Put in more technical terms, a frictional force is one that opposes the direction of motion and is caused by the interaction between two materials. Kinetic energy—the energy associated with the momentum of an object—is lost as heat from the friction, and the object slows down. For instance, when you are driving your car and slam on the brakes (OK, even if you don't actually slam them), the car will use friction to its advantage and slide to a stop. If you then feel the temperature of the tires, you will notice that they are hot. (We'll discuss kinetic energy further in Chapter 6, “Collision Reactions.”)

In Flash MX there are two ways to treat friction: the right way and the good-enough way. In this section we'll discuss both.
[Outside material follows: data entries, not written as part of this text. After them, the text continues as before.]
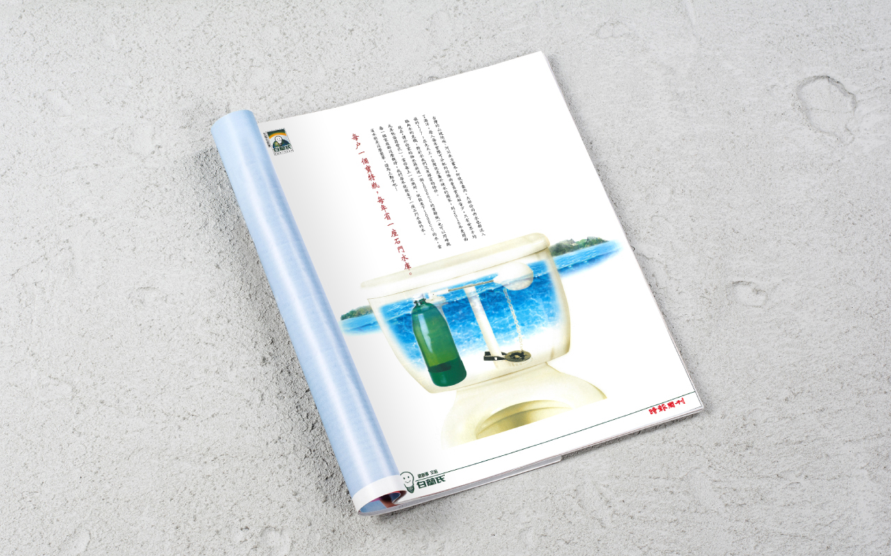 中:馬桶水箱放著裝滿水的寶特瓶,並將水箱融合水庫的畫面,巧妙的傳遞了,你的省水動作與水庫的連動關係:經過計算只要每個家庭幫個小小的忙,一年就可以省下一座石門水庫的水。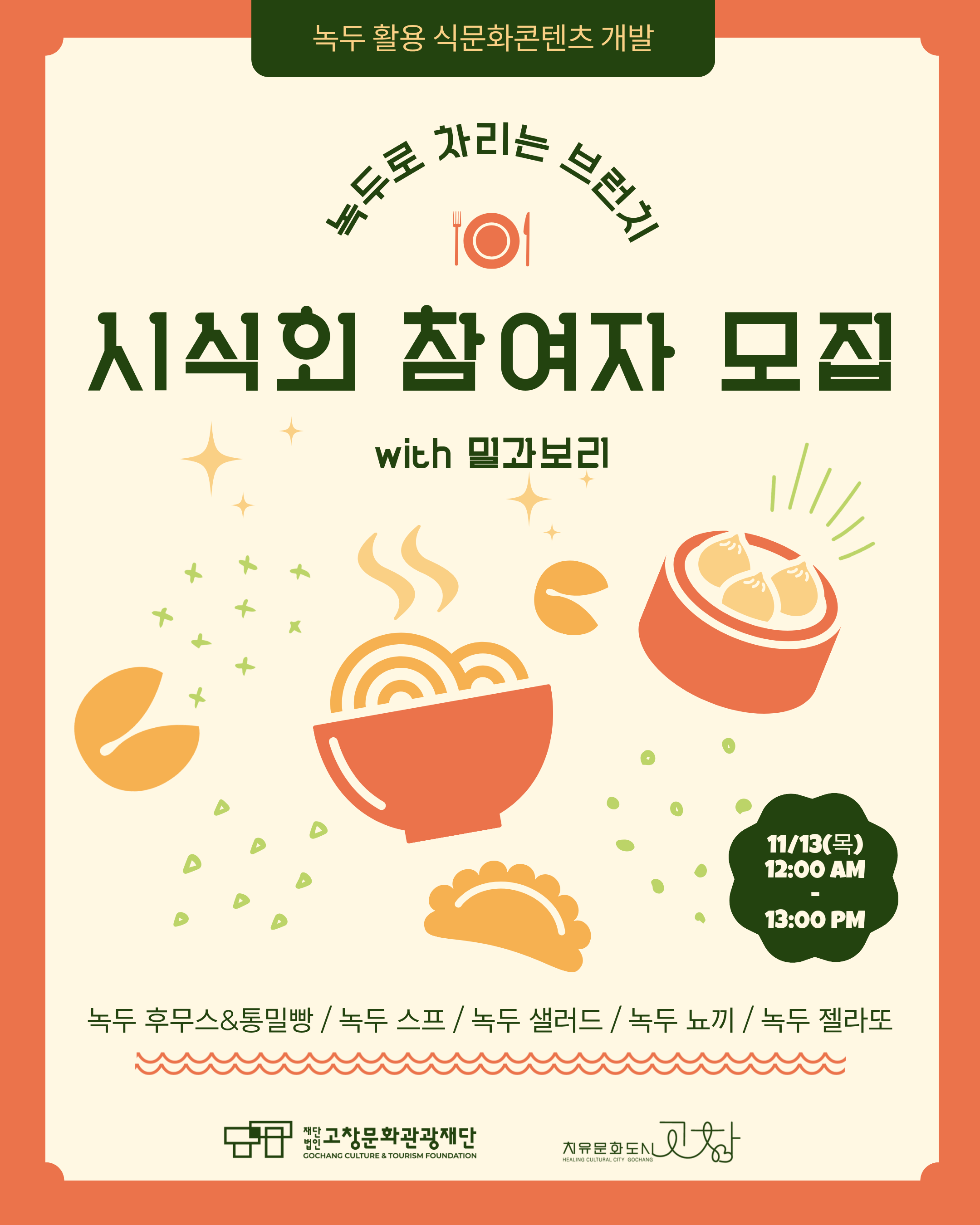 녹두 식문화콘텐츠 <녹두로 차리는 브런치> 시식회 참여자 모집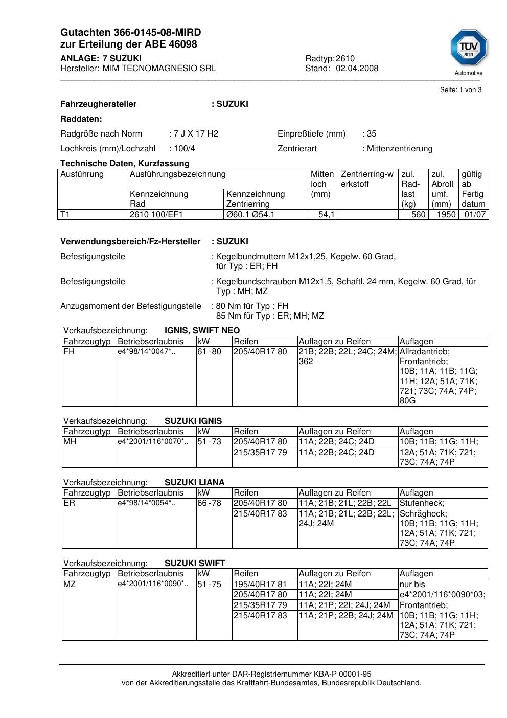 Dieses Gutachten (abe) bezieht sich auf die Alufelge MIM 2610 in der Ausführung ET 0, Mittenloch 0 mm (KBA 46098). Im PDF findest du typischerweise zulässige Reifengrößen, Auflagen/Anbauhinweise und – je nach Dokument – Hinweise zur Eintragung.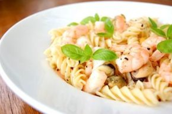 Фузилли с креветками и мидиями в лимонном соусе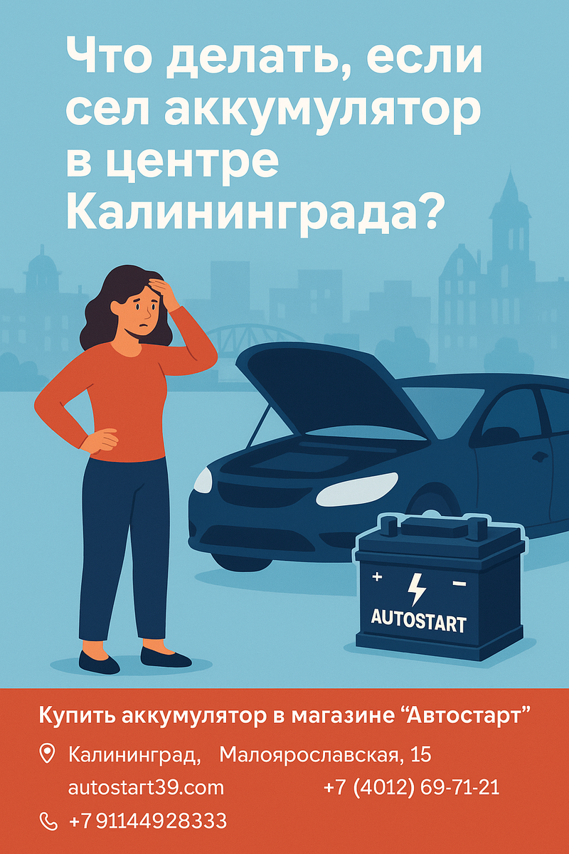 Проблема севшего аккумулятора — одна из самых частых неприятностей, с которой сталкиваются автолюбители. Особенно неприятно, если это случилось в центре Калининграда, где каждая минута на счету: пробки, плотная парковка, дела не ждут. Что делать? Паниковать точно не стоит. В этой статье мы расскажем, как быстро решить проблему, на что обратить внимание и где найти надежный аккумулятор с гарантией. Иногда стартер не крутит вовсе, а иногда еле-еле "пытается", но результата нет. Признаки севшего аккумулятора: Если под рукой есть провода и рядом найдётся доброжелательный водитель, можно попробовать завести автомобиль "с прикуриванием". Однако важно: В Калининграде достаточно быстро можно вызвать: Если вы знаете, что аккумулятору уже более 3–4 лет, если это не первая «заморозка», и если машина снова не заводится на следующий день — не тяните. Постоянное прикуривание не решает проблему, а только откладывает её. Лучше сразу заменить источник питания, чем оказаться в такой же ситуации на следу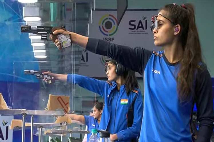 Bhaker, de 19 años, disparó para 28 puntos y se conformó con la medalla de bronce del evento y así completar el perfecto uno, dos y tres de la India.

If you slide a box to the right across the floor, then a frictional force points to the left, opposing the velocity vector. The velocity of the box will approach 0 with a constant deceleration. The equation for sliding friction is:

F = u*mass*gravity

The quantity mass*gravity is the weight of the object. So the greater the object's weight, the greater the friction that will oppose the motion of the sliding object. The u factor is known as the frictional coefficient (also sometimes called the coefficient of sliding friction).

A frictional coefficient is a numerical value between 0 and 1. In real life, this factor is found by experimentation and is different for each surface-object interaction. For instance, a wet ice cube on a rubber floor may have a very low frictional coefficient (.01), whereas a tennis shoe on the same floor may have a higher frictional coefficient (.2). In ActionScript you can simply choose a value for u depending on the type of surface you are dealing with.

Using Newton's second law, we can determine the deceleration due to friction:

F = mass*accel = u*mass*gravity

Canceling out the mass on both sides, we get:

accel = u*gravity

This `accel` variable will be used with the velocity equations we have been working with. Here are the steps you use to apply friction:

1. |
Find the acceleration due to friction using the equation
accel=u*gravity. |

2. |
Apply the
accel
value to the velocity in every frame (just as we have been doing with acceleration) until the velocity reaches 0. |

Stop applying the variable when the velocity reaches 0. If you don't, the object will actually move in the opposite direction. |

Remember that negative acceleration is deceleration.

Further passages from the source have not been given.